The Fall of the American Empire is not, as some critics have espoused, the third and final part of a trilogy. Completing the thematic trilogy that Denys Arcand began in 1986 with “The Decline of the American Empire,” and continued in 2002 with the Oscar-winning “The Barbarian Invasion,” “The Fall of the American Empire” is another of the Quebecois auteur’s playful and damning philosophical excoriations of societal values.
Less of a sequel than it is a spiritual successor — there are no returning characters, and Arcand newcomers won’t have any trouble following the action — this thoroughly modern financial caper finds that America’s corruptive influence is still creeping up North, infecting its closest neighbor like a gangrenous rot that needs to be cut off at the knees.What else is new? Sign up for First Up, the Star's new daily email newsletter.The Toronto Star and thestar.com, each property of Toronto Star
That was back in the 1970s and I went away from there to do these intellectual films later on.

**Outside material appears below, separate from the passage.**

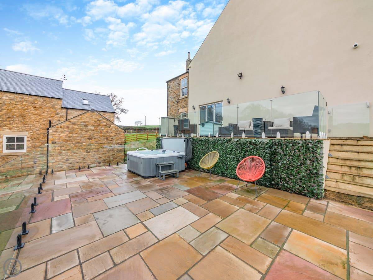 The garden is enclosed and quite big. At the back there's a raised patio on two levels, with a hot tub. The garden goes down to a lawn, and then you have a bit of river frontage on the Wear. It's not deep there, more of a shallow stretch.

This copy is for your personal non-commercial use only. Republication or distribution of this content is 14A . At the Cumberland. The problem is some people have no tools,” he added.Arcand did take some care in offering a sombre portrait of Montreal’s homeless Indigenous people in the film’s final frames from some footage he shot one day on impulse.“I had no idea … how I was going to use that.